The book is divided into four sections, each titled for the elements. The first is for fire, and this opening section beats with the pulse of early curiosity, passion, fear, anger. In the title poem that opens the book fire almost is life, holding the passion and identity passed down to the child/poet from her grandmother. Palacio writes in this section about being the child of immigrants, growing up in South-Central Los Angeles, and coping with a father who was in and out of prison and in and out of her life. Her imagery for the most part stays rooted in the real but for a few places where fantastical images are pulled in to highlight very real dangers. In “El South-Central Cucuy” she writes of the titular monster who serves as the Mexican equivalent of the bogey man, telling us about her uncle teasing her that El Cucuy will get her if she doesn’t behave. This is juxtaposed against the revelation three people were killed on her street by gunshot around this same time. Several poems in this section are a similar balancing act between childhood innocence and a harsh awareness of the pain and danger of life. In three especially moving poems about visiting her incarcerated father (“Things to Carry”, “Remembering Persephone”, and “Names and Numbers”, pages 23-25) she achieves poignant and painful resonance with simple lists, counting off things to take to the visitation, steps to seeing her prisoner, and things she does and does not remember about the man.

“One key on a simple ring.

Twenty one-dollar bills for the vending machines.

A sealed package of tissues.

One comb or brush to look pretty for your prisoner.”
– page 23

The second section is titled Air Carries Her, and it is in this section we see most clearly into Palacio’s Latina cultural heritage. The air here is both a wind sweeping her along to new places in life and the life-breath surrounding her, filling her lungs. Some of the poems from this section are the lightest of the collection, offering a reprieve from the harder truths of the book, but more often this buoyance mixes with melancholy. In the remarkable “The Framed Virgin” (page 41) Palacio tells the story of her grandmother’s answered prayer to the eponymous Virgin for a girl after giving birth to nine boys, and how that girl married a black man from Panama, Melinda’s father, and eventually had Melinda. The poem is simple and unadorned, yet its very simplicity allows the power of this story and its emotional impact to be keenly felt. A similar style and effect is felt “Sin Vergüenza Swagger” (page 48) in which Palacio reflects on her father’s homeland, the land that shaped him, a land that helps explain him to her.

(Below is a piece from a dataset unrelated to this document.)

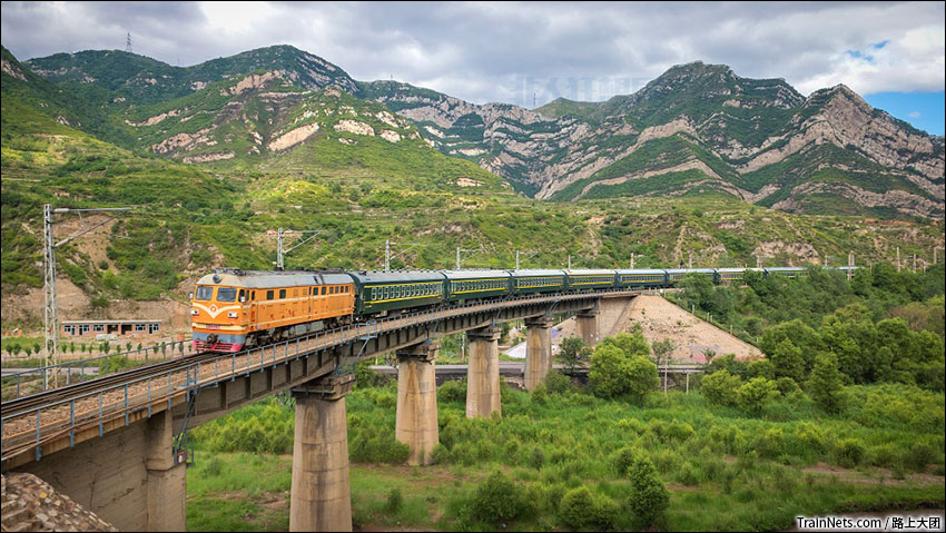 2019年7月6日。太局太段DF4BK牵引“矿工号”8163次(轩岗-原平)北同蒲线芦庄站发车,行驶在云中山区中。

The third section, Water Rises South, rolls in with hardship and distress. The waters here rarely sustain, more often drown and ruin. Palacio lives partly in New Orleans and many of these poems are devoted to the catastrophe of Hurricane Katrina. There is also reference to the Deepwater Horizon disaster that ruined so much of the Gulf Coast ecology and seafood economy. Both of these events turned the water that formed the basis of so much of life for New Orleans against the city, transforming a life-giving force into a destructive betrayal. Poems in this section also discuss the Rio Grande, the river forming part of the border between the United States and Mexico that must be crossed if a person is going to enter the U.S. along that stretch of border. In “Distant Suds,” a poem about Palacio’s grandfather, the scalding water of a sink full of dirty dishes speaks to both the resilience and hardship of her immigrant abuelo:

“He pauses for a small smile, thinks about the house he left behind to cross
the border, pick peaches, and, finally,
become an American dish washer on disability.”
– page 63

The book’s final section, Earth Spins, is appropriately the heaviest of the collection. The section begins with a poem titled “Choosing a Coffin” that sets the tone for the rest of this grouping, giving us a scene in which Palacio and her family members must select a coffin for her mother’s burial. She wants a simple pine box. Her family members tell her not to be cheap. Her grandmother spies a fancy white coffin with pink roses. The artificially polite woman assisting them assures them she knew they’d pick that one, it’s their finest, as she is “taking in the shades of bewildered brown faces.” (page 83) The poems that follow deal with further aspects of Palacio grieving the loss of her mother, and the earth of the section’s title here refers most often to the dirt under which her mother and other members of her family are buried. There is an emotional exhaustion underlying the verses of this section that expresses grief more in terms of fatigue than outward sorrow. Life is so much hard work, and addressing the end of a loved one’s life is harder still. The final poem of the book–one of its most powerful–tells the story of her mother’s death and in the process serves as memorial to her life. Her life involved more than its fair share of hurt and struggle but ends here with gentle humor, as the closing words of the collection testify. Palacio is riding in the ambulance with her mother as the older woman’s life slips away. Her mother gives Melinda a note, her last words:

“I unfolded the paper.
The ambulance guy is cute, the note said. The driver is good too.
She managed to scrawl a smiley face, her last signature.

Don’t give up. Live.
Do this in memory of me.”
– page 102

How Fire Is a Story, Waiting is a beautiful collection of poems from an important young poet. The book is both a deeply personal account of a life and the lives that have touched it and a portrait of a broader experience, that of immigrants and their children, who find both life and trouble in these borders. I look forward to reading more from Melinda Palacio.